Diffusion Models
Image/video generation, noise scheduling, guidance, Stable Diffusion, DALL-E
Diffusion models are a class of generative model that learns to create images by reversing a noise-addition process. During training, Gaussian noise is progressively added to images; the model learns to denoise step-by-step. At inference, starting from pure noise, it iteratively denoises to produce a coherent image.
Key Points
- Forward process: gradually add Gaussian noise to an image over T timesteps until it is pure noise
- Reverse process: learn to predict and remove noise at each step (the model's job)

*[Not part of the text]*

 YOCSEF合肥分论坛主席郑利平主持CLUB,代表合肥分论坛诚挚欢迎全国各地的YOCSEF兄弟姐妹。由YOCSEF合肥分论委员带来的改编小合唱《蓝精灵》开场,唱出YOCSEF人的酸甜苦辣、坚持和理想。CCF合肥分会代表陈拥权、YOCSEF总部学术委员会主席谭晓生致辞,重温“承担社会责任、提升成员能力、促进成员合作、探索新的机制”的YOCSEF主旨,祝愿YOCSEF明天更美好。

- U-Net backbone: the denoising network; skip connections preserve fine-grained spatial detail
- CLIP guidance: condition image generation on text by using a contrastive text-image model
- Latent Diffusion: denoise in a compressed latent space (used by Stable Diffusion) — 4× faster
- Classifier-Free Guidance (CFG): improves text-image alignment; higher CFG = more adherence to prompt
- Sampling methods: DDPM (1000 steps), DDIM (50 steps), DPM++ (15–20 steps) — faster inference
- ControlNet: add spatial control — use depth maps, pose skeletons, edges as additional conditions
- InPainting: regenerate masked portions of an image while preserving the rest
- Video generation: extend diffusion to temporal sequences (Sora uses diffusion + Transformer)

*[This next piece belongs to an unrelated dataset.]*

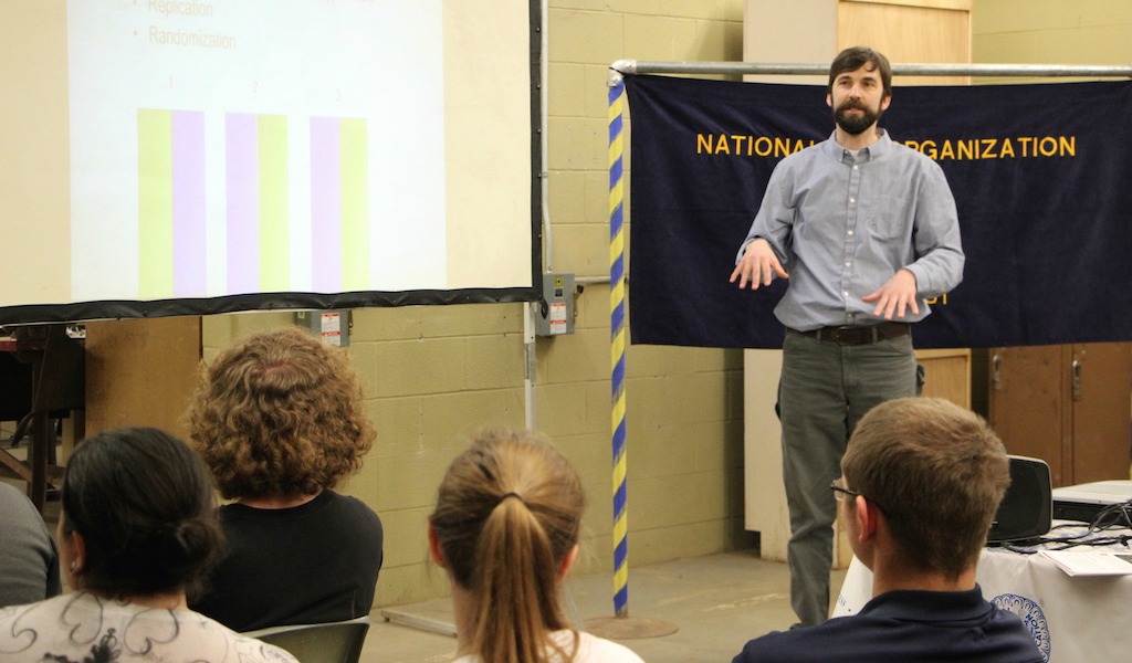 Steve Culman, state soil specialist and Ohio State assistant professor, OARDC, spoke with workshop attendees about the benefits of cover crops. Culman will be assisting Southeast FFA members with their cover crop research project over the next three years.

| Model | Company | Key Feature |
|---|---|---|
| Stable Diffusion | Stability AI (open) | Open weights, local runs |
| DALL-E 3 | OpenAI | Tight text coherence via GPT-4 captions |
| Midjourney | Midjourney | Artistic quality, Discord-based |
| Imagen 3 | Google DeepMind | Photorealism, text rendering |
| Flux | Black Forest Labs | Open, high fidelity |
| Sora | OpenAI | Text-to-video, minutes long |
Real-World Example
Adobe Firefly integrates diffusion models into Photoshop Generative Fill — allowing designers to erase objects, extend backgrounds, and generate design elements from text. Stability AI's Stable Diffusion 3.5 runs on consumer laptops, enabling entirely local image generation.